«Nasci
em Beja, no chamado palácio dos Infantes, a 2 de Maio do ano da graça de 1458,
num dia soalheiro onde a transparência da atmosfera era tão límpida como as
águas que brotam da montanha, e fui coroada rainha de Portugal no ano de 1481. Chamo-me
Leonor Lencastre e sou infanta de Viseu. Ao contrário do meu irmão, que foi rei
porque o destino assim o quis, eu sempre soube que um dia seria rainha».
Beja,
paço ducal. 2 de Maio de 1458
«Dona
Beatriz encontrava-se no final de mais uma gravidez. Era a quinta vez que paria,
contudo só tinha dois filhos pequenos a correr pelos corredores no paço ducal. Os
outros três não tinham sobrevivido aos primeiros meses de vida. João, o primogénito,
entrou na antecâmara dos seus aposentos a chorar. O que se passa, meu filho?, perguntou-lhe
dona Beatriz com um ar preocupado e estendendo os braços para amparar o filho. O
Diogo bateu-me!, disse o filho com um ar muito indignado. E por que te bateu o teu
irmão?, questionou a mãe. Porque eu lhe chamei mentiroso, afirmou o pequeno com
um ar determinado. E por que razão lhe chamaste mentiroso?, perguntou-lhe novamente
dona Beatriz, já sem paciência. Ele diz que quando a cegonha chegar com o novo irmão,
a mãe vai deixar de gostar de nós, disse o rapaz já com lágrimas a formarem-se
nos olhos. Não, João, isso não vai acontecer. Podes ficar tranquilo, meu filho.
Foi o que eu lhe disse. Ele diz que quando aparece um novo bebé cá em casa, a
mãe dedica-lhe muita atenção, como aconteceu com os outros bebés.

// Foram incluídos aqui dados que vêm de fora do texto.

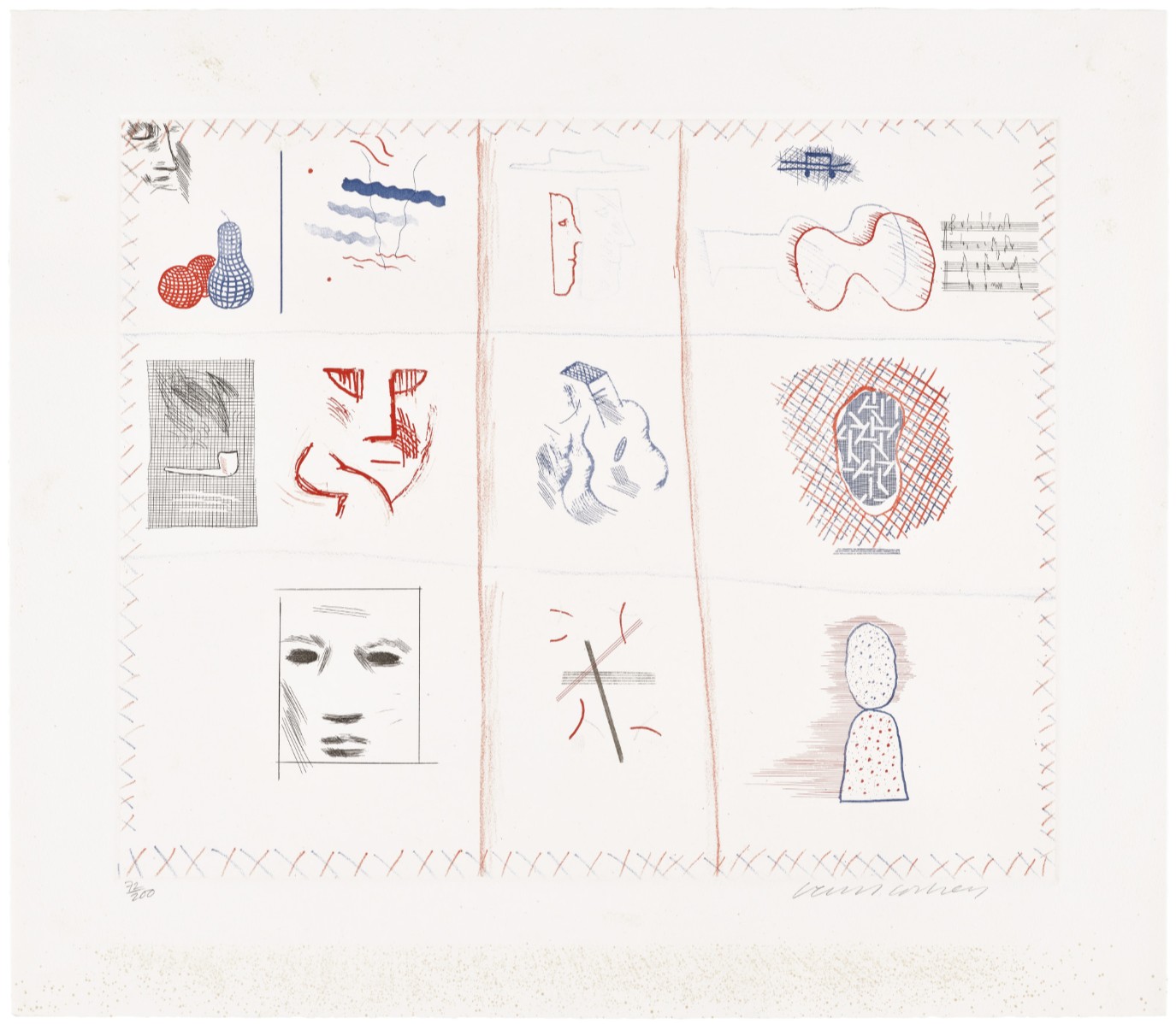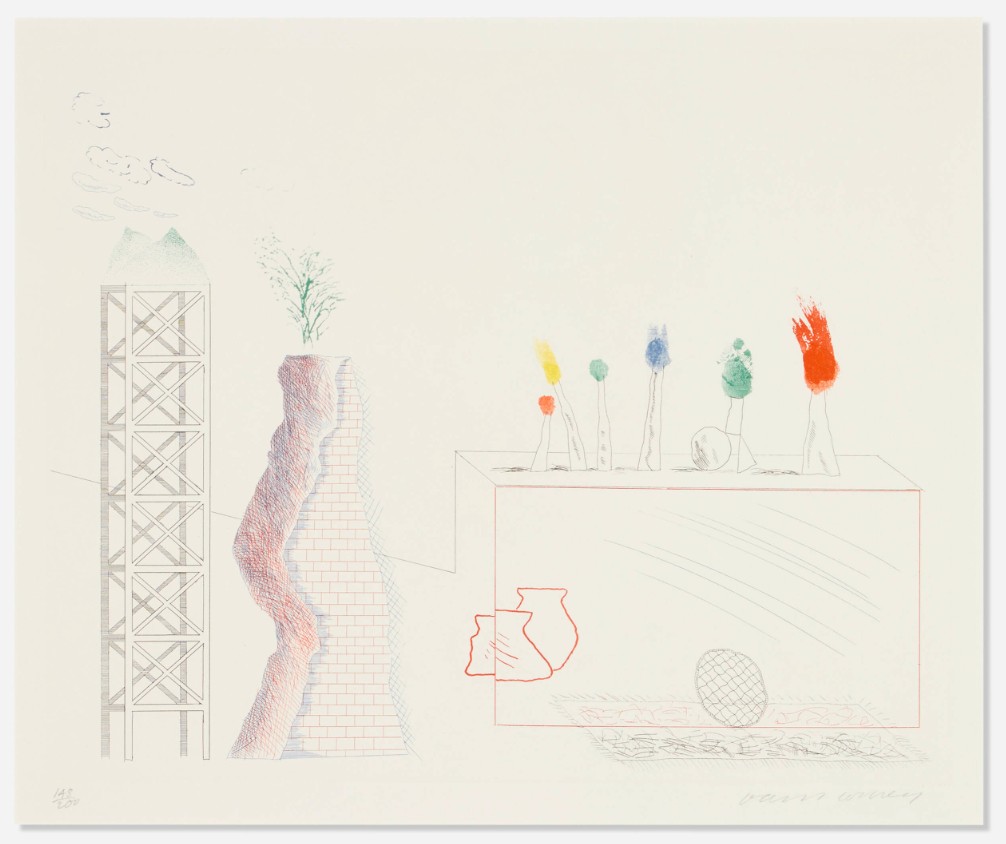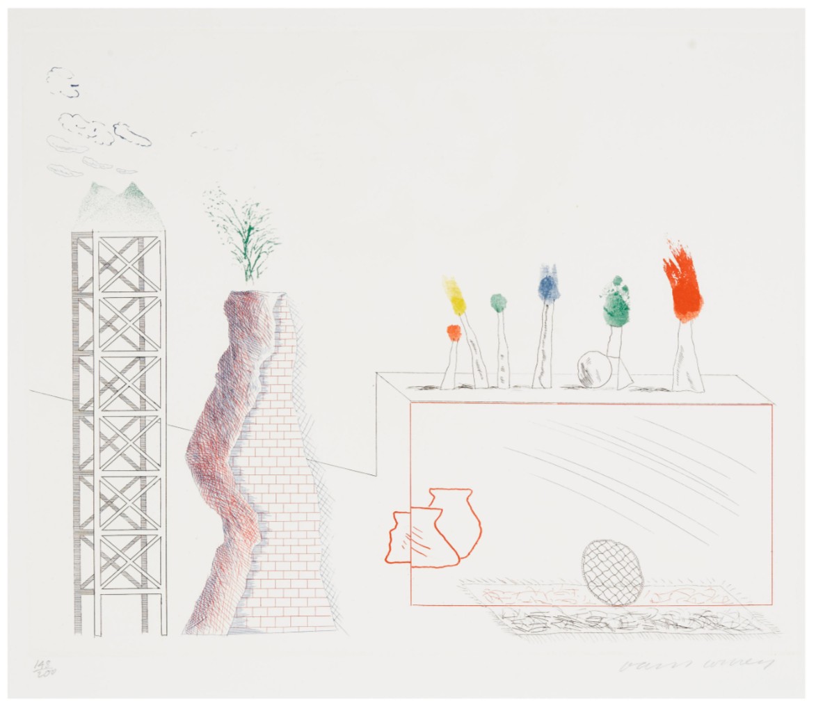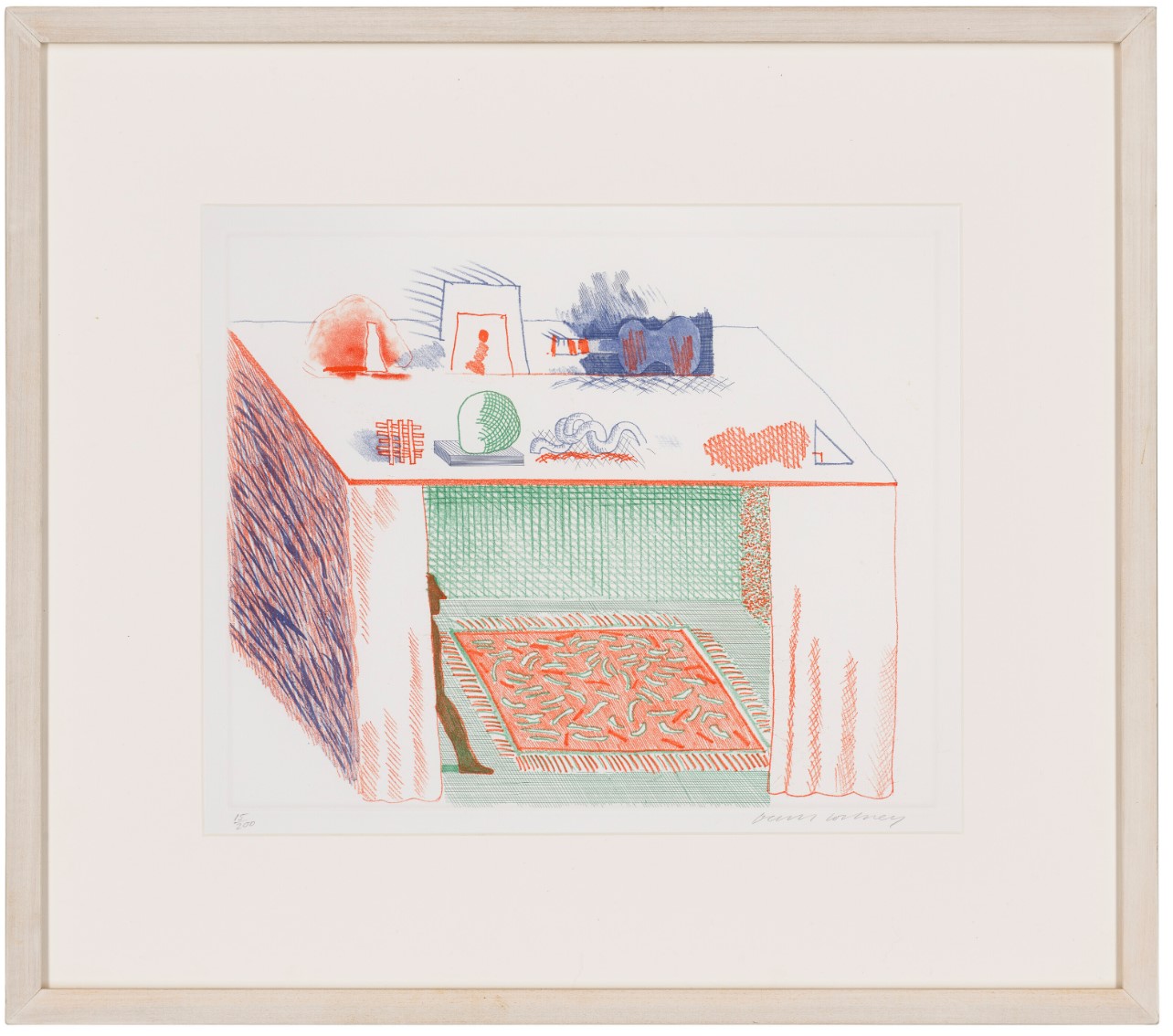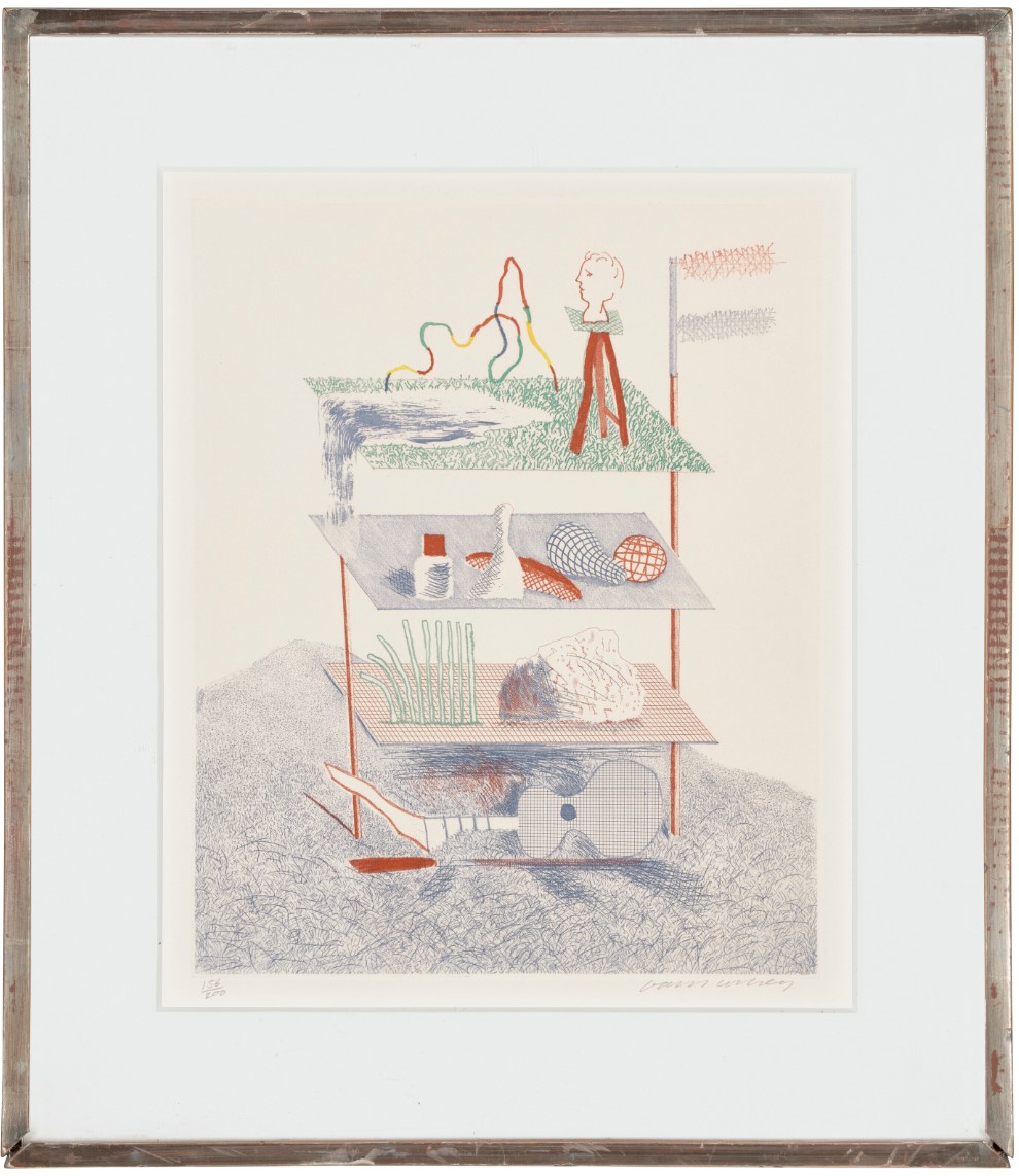 Individual plates are populated with a multitude of references to Picasso’s work including imagery of guitars, still lives, stage sets and distorted perspectives. Figures with Still Life recreates a Cubist scene and echoes Hockney’s earlier etched homage to Picasso, Artist and Model, 1973-74 in which he sits opposite and in visual dialogue with his venerated predecessor. But the final plate, What is this Picasso? provides the most overt reference to Picasso, including his 1937 Portrait of Dora Maar, his muse and lover. The layers of influence continue in perpetuity: Etchings by David Hockney, who was inspired by Wallace Stevens, who was inspired by Pablo Picasso, who was inspired by Dora Maar? Afterall, as Hockney says, “good artists don’t borrow, they steal”.

O teu irmão é um tonto. Claro que
aos recém-nascidos é necessário dar muita atenção, porque são criaturas indefesas,
mas não é por isso que eu não dou mimos aos meus outros filhos. Dito isto, Beatriz
agarrou o filho e deu-lhe um abraço. João deixou-se ficar por alguns momentos
envolvido por aquele gesto tão meigo e reconfortante. Depois deu um pulo e disse:
o Diogo é mau e eu não quero brincar mais com ele. Nisto, Beatriz tem uma forte
pontada na zona dos rins e percebe que a hora tão ansiada estava a chegar. Chama
a sua aia e diz-lhe para levar os rapazes para o jardim. Aí poderiam dar um passeio
e entreter-se a procurar a cegonha, que não tardaria a chegar e a trazer uma nova
criança para o paço. Foi a muito custo que dona Beatriz se recolheu na sua câmara.
Passadas algumas horas, Beatriz dava à luz uma linda menina. Essa menina seria a
futura soberana do reino.
Desde o meu nascimento que meu pai
cismou que seria prometida ao herdeiro do trono e é essa a historia que vos quero
contar. Provenho da mais alta aristocracia portuguesa e sou a sexta filha do duque
de Viseu, o infante Fernando, e de sua mulher, dona Beatriz. Para vos retratar
a conjuntura política da época em que vivi, temos de recuar um pouco no tempo. Meu
pai, como vos referi, era duque de Viseu. Sendo irmão de rei (Afonso V) e filho
de rei (Duarte I), era uma figura de destaque no reino. Por se tratar do segundo
filho, não estava à partida destinado a assumir o trono. Esse papel caberia ao seu
irmão primogénito, Afonso V. Casou com minha mãe, Beatriz, que era sua prima direita,
uma vez que era filha do infante João (o quarto filho de João I) e de dona Isabel
de Barcelos (filha de Afonso, duque de Bragança). O casamento foi celebrado no Paço
Real de Alcáçovas, em Viana do Alentejo, no ano de 1447.
Após o casamento, meus pais foram
viver para o ducado de Beja e aí edificaram o paço ducal, junto ao Mosteiro de Nossa
Senhora da Conceição. Este paço ou Palácio dos Infantes, como lhe chamavam comunicava
directamente com o convento através de um passadiço que nos facilitava imenso a
vida quando nos dirigíamos para o serviço religioso, sempre que o frio apertava
ou quando a noite já caíra. Da casa onde eu nasci só resta o claustro, a igreja
e a sala do capítulo». In Paula Veiga, A Rainha Perfeitíssima,
2017, Edições Saída de Emergência, 2016/2017, ISBN 978-989-773-014-6.